Sketchplanations: You get what you measure
Picture this: A scientist pulls fish from the sea with a net. After examining his catches, he concludes there’s a minimum size of fish in the ocean. His data is clean, his methodology is sound, and his confidence is high.
He’s also completely wrong.
The holes in his net determined what he could measure. The smaller fish slipped through, invisible to his instruments. What you measure shapes what you see — and more critically, what you miss.

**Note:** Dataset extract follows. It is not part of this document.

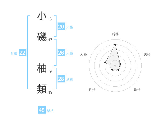 小磯 柚類さんを姓名の画数から五運を鑑定

Here’s another example: During World War II, the U.S. military wanted to add armor to their planes. They analyzed returning aircraft and mapped every bullet hole — wings riddled with damage, fuselages full of holes. The obvious move? Reinforce those areas.
But statistician Abraham Wald saw what everyone else missed. The planes they were studying had survived. The bullet holes showed where a plane could take damage and still make it home. The planes that got shot in other spots? They never returned to be counted.
Wald’s recommendation: armor the parts with no bullet holes in the surviving planes. Because those were the fatal weak points — the military just couldn’t see them in their data.
These stories — the fishing net parable from astrophysicist Arthur Eddington (later emphasized by Richard Hamming and beautifully illustrated by Sketchplanations) and Wald’s survivorship bias insight — capture the same fundamental truth: your measurement instruments determine what you can see, and what remains invisible often matters more.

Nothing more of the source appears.